Yazmak zor iştir ama dosyayı bastırmak çok daha zordur. Kitabı tanıtmak-dağıtmak hepsinden zordur. Bireysel yayıncılıkta yazar iyi pazarlamacı olacak ve kitap satacak.  Hem de eşine, dostuna ve “birbirimiz” dediği kişilere satacaktır. Yani yazarın kalem tutan eli paraya bulaşacak. İşin içine bu şekilde para katılır ise yazar da popüler olanı yazacak ve bir an önce kitabının satışını bitirerek, bedava olan ikinci baskının yolunu açacaktır. Bu davranışta etik olmayacaktır. Yazar o gün olmasa bile gelecekte bir gün kalem tutan elin başka maddeye değmesinden rahatsız olacaktır.

 

Zaten yazar bireysel yayıncılığın getirdiği pek çok sıkıntının psikolojik yükünü taşırmaktadır. Her olumsuzluk sözleşmeler gereği yazarı köşeye sıkıştırmaktadır. Dönem dönem yazar ve şairlerden bu konularda yakınma duyulur. “Vallahi ticaretten anlasam, yayınevi kuracağım. Kimse ile uğraşmayacağım”, gibi.

 

Aslında her kişinin yayınevi kurması gerekmiyor.

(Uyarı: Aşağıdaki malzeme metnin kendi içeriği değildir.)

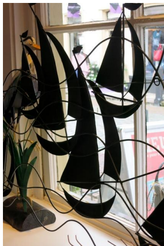
De etalage bij het Botterweekend. De scheepjes waren echter zo verkocht.
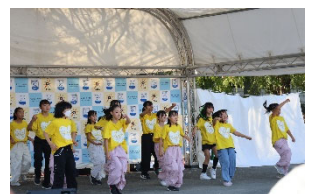
《ゆめワールドで躍動する子どもたちの様子》

Yazarlar-yayıncılar birbirlerinin haklarını kendi hakları gibi korusalar, birbirlerini anlamaya çalışsalar, birbirlerine karşı dürüst olsalar ve sözleşmelerde acemiliklerinden ötürü yazarlar zarar görmese yayıncı da yazarda konumundan hoşnut olur. 

 

Kendi parası ile kitap bastırmak zorunda kalan yazarların haklarının korunması, onların ticari malzeme olarak görülmemesi gerekir. Bunun için başta yasalarda yazarların ve şairlerin hakkını koruyan açık ve net maddeler olmalıdır. Amma her durumda yazar ve şairler olumsuzluklarla karşılaşıldığında, kuşkular oluştuğunda, ilgili bakanlıkla iletişim kurmalılar. Sorunu paylaşmalılar, bilgi almalı ve sorunun çözümü için ne gerekiyor ise yapmalılar. Tabii ki meslek birlikleri de yazarların ve şairlerin tarafındadır.

 

Birçok yazar ve şair kendisine yapılan olumsuzluğu fark ettiği halde susuyor. Bunun nedeni, bütün yayınevlerinin kapılarının yüzlerine kapanacağına dair korkularıdır. Bu korkunun içinde unutulan ise, işini kurallarına göre yapan saygın yayınevlerinin her zaman doğrunun yanında olacağıdır.

 

Bir gün yazarlar-yayıncılar hak ettiği yerde olacaktır. Kalem ve emek mutlaka saygı görecektir.